The torment was partially self-inflicted, as we had turned down a paid shuttle service between control points. Given we’d be travelling most of the day in the minibus, we had wanted to get some exercise in. And of course, we are tight-fisted Scots.

Eventually we emerged into Uzbekistan, where Siyovush, no doubt gleefully, handed us over to Ganisher. I’d have loved to have earwigged on that particular conversation. As it turned out, Ganisher was well equipped to handle this bunch of troublesome tourists, having at one time worked as a butler in a seven star hotel in Dubai. So it was unsurprising he radiated calm composure from the off.

Up first in the Uzbek capital of Tashkent was an itinerary item of serious excitement – one and half days of free time. Nearly 36 hours sans socialising if we needed it. And this pair of introverts certainly did.

Unfortunately, Ricki was suffering from the same gastric issues that were troubling several members of the tour and his free time was spent resting and recovering.

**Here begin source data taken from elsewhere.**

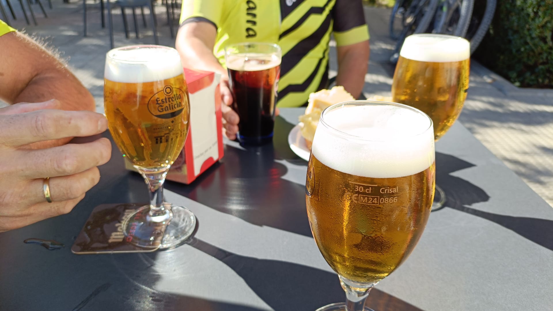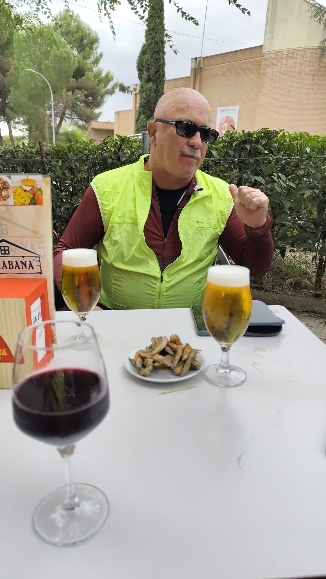 Ya de regreso, con las piernas cargadas y el alma contenta, hicimos la parada obligatoria en Coslada, esta vez en el bar de Juani, nuestro refugio de siempre. Allí cayeron las cervezas frías y unos vinos que supieron a gloria. La charla se alargó entre risas, anécdotas del camino y planes para la próxima salida.
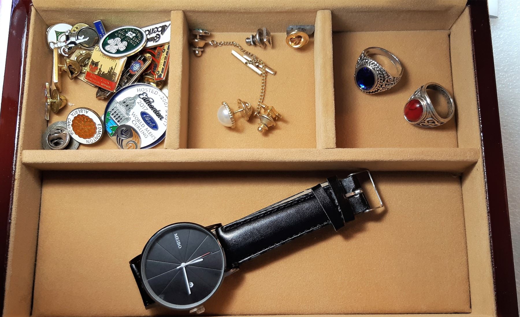 BOX WITH GOLF MOTIF, CONTAINING LAPEL PINS, TIE TACKS, RINGS AND NEW MEIBO WATCH, BOX MEASURES 9" X 6.5" X 2.5". JEWELRY
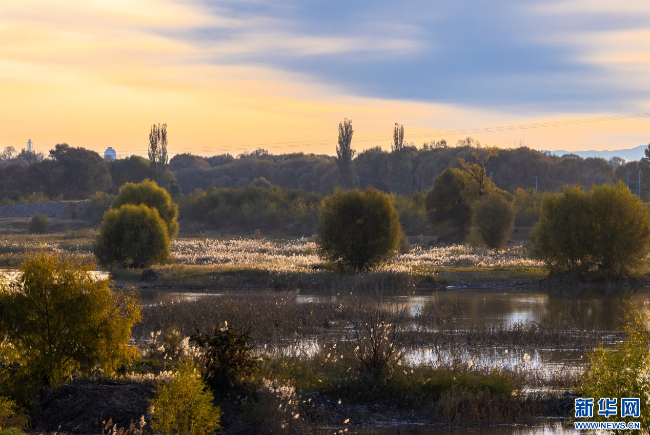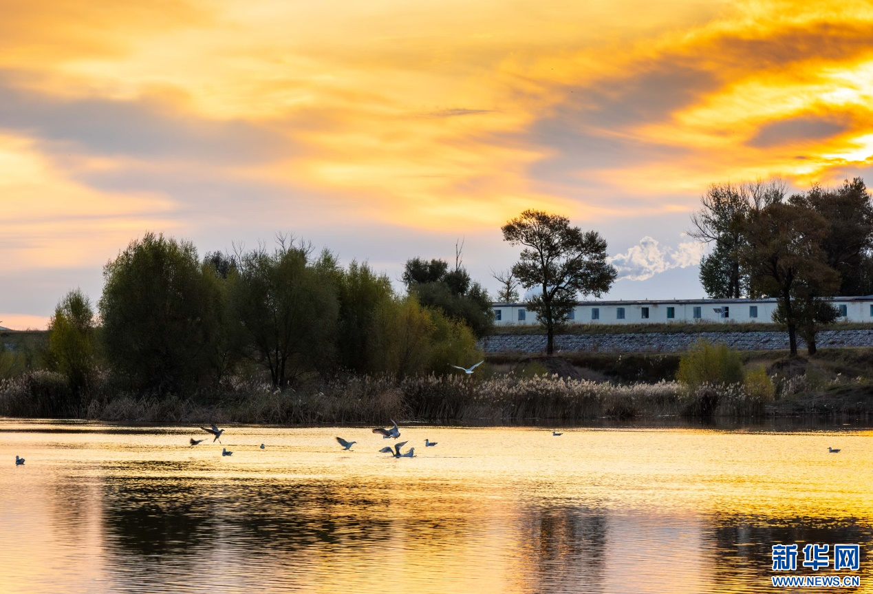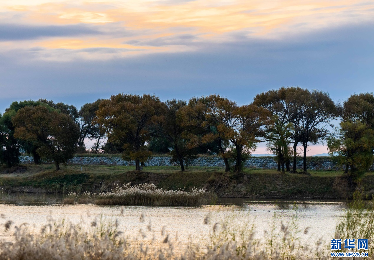 [신화망 베이징 10월29일] 늦가을의 네이멍구(內蒙古)자치구 후허하오터(呼和浩特)시 위취안(玉泉)구 다헤이강 교외공원이 강물에 비친 붉은 노을, 가을바람에 춤추는 새들이 어우러져 매혹적인 가을 풍경을 연출하고 있다.
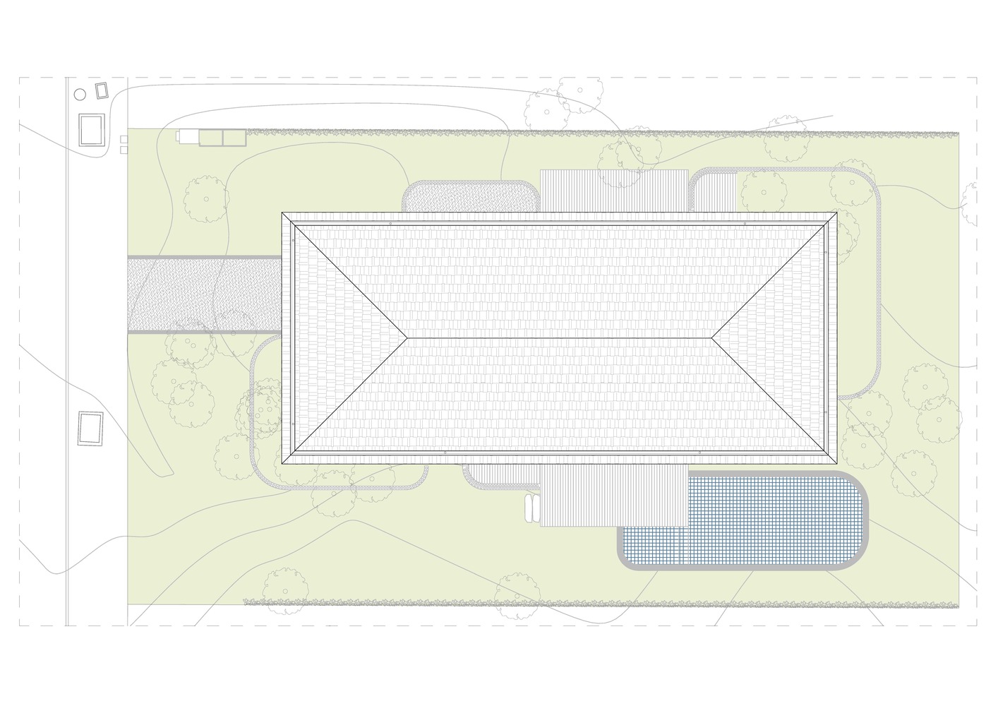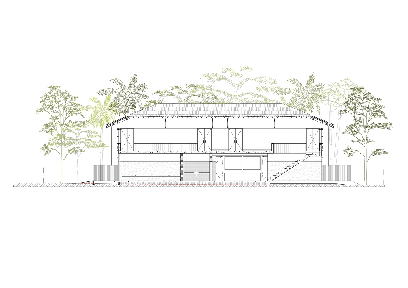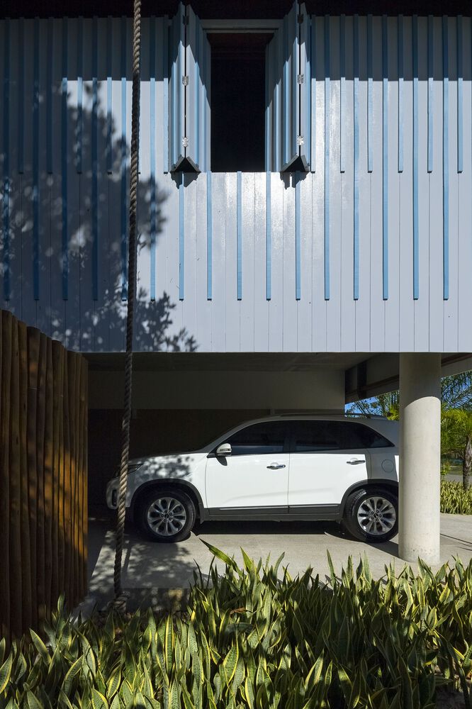 This tropical modernist-inspired layout supports a concrete tray that holds the structure and roof of the second floor.
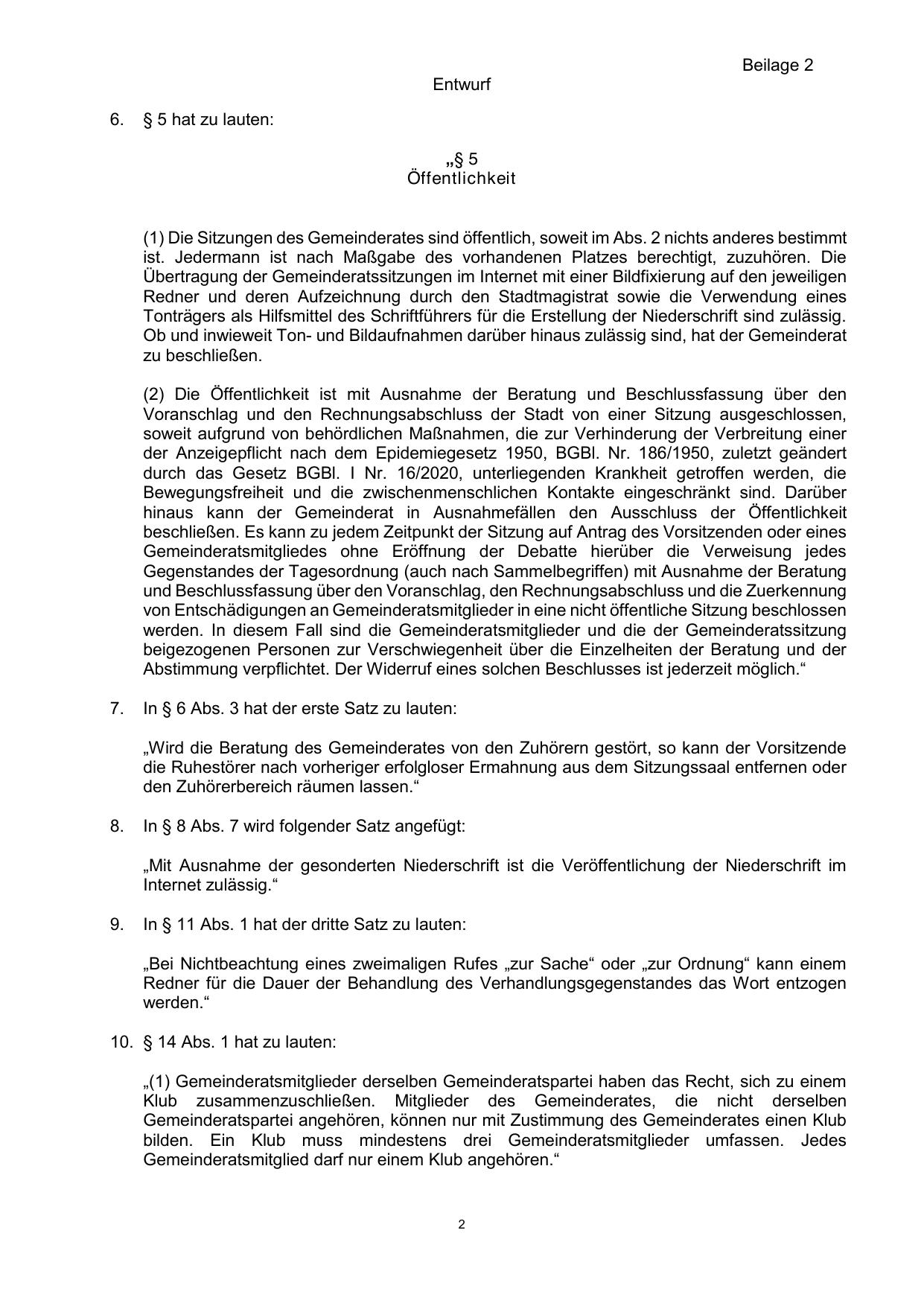 (1) Die Sitzungen des Gemeinderates sind öffentlich, soweit im Abs. 2 nichts anderes bestimmt
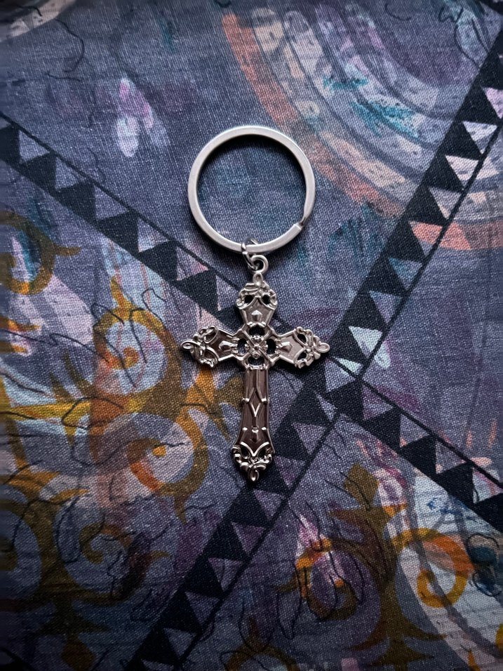 Detaylı desenlere sahip gri gotik haç anahtarlık ya da kolye ucu olarak kullanılabilir. Bohem ve retro tarzlara uygundur, metal malzemeden yapılmıştır.
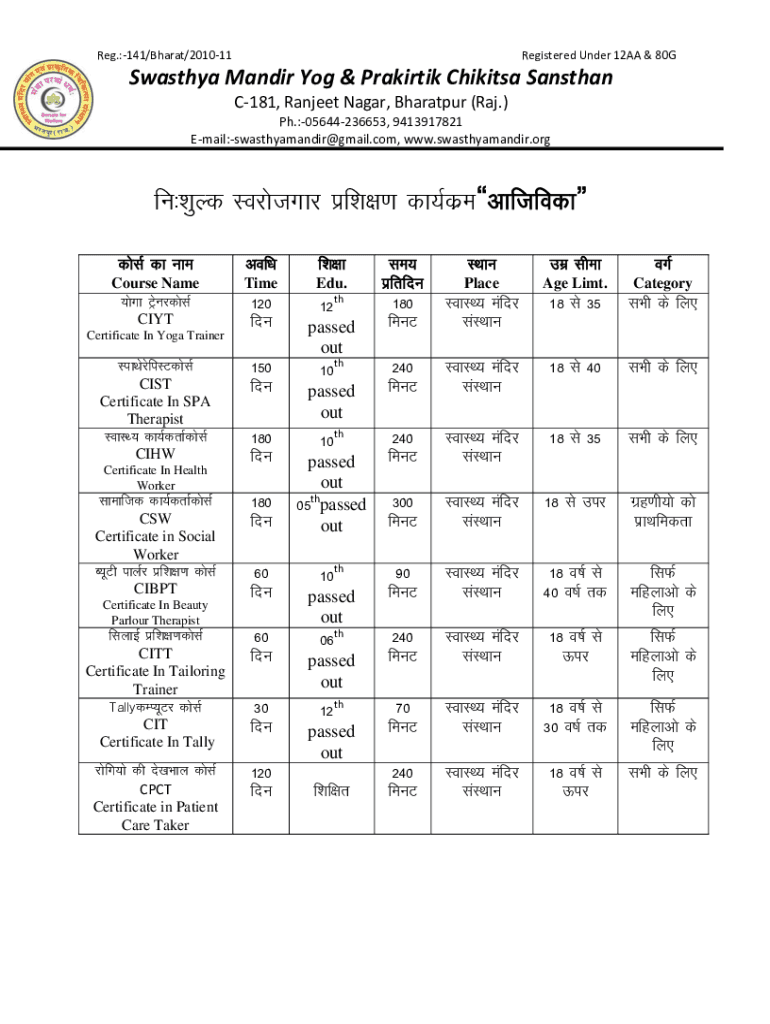 Get the free Registered Under 12AA & 80G - Swasthya Mandir Sansthan

After trying to navigate several Uzbek pharmacies on Ricki’s behalf with various levels of success (well, at least I understood “nyet”), I headed off on a self-guided solo tour of Tashkent. 

Hazrati Imam complex – the oldest Quran in the world is kept in the library here

As with the other central Asian capitals, it’s an interesting blend of Islamic, Soviet and modern architecture, but I’d say it feels the most westernised, with plenty of English speaking cafes and restaurants.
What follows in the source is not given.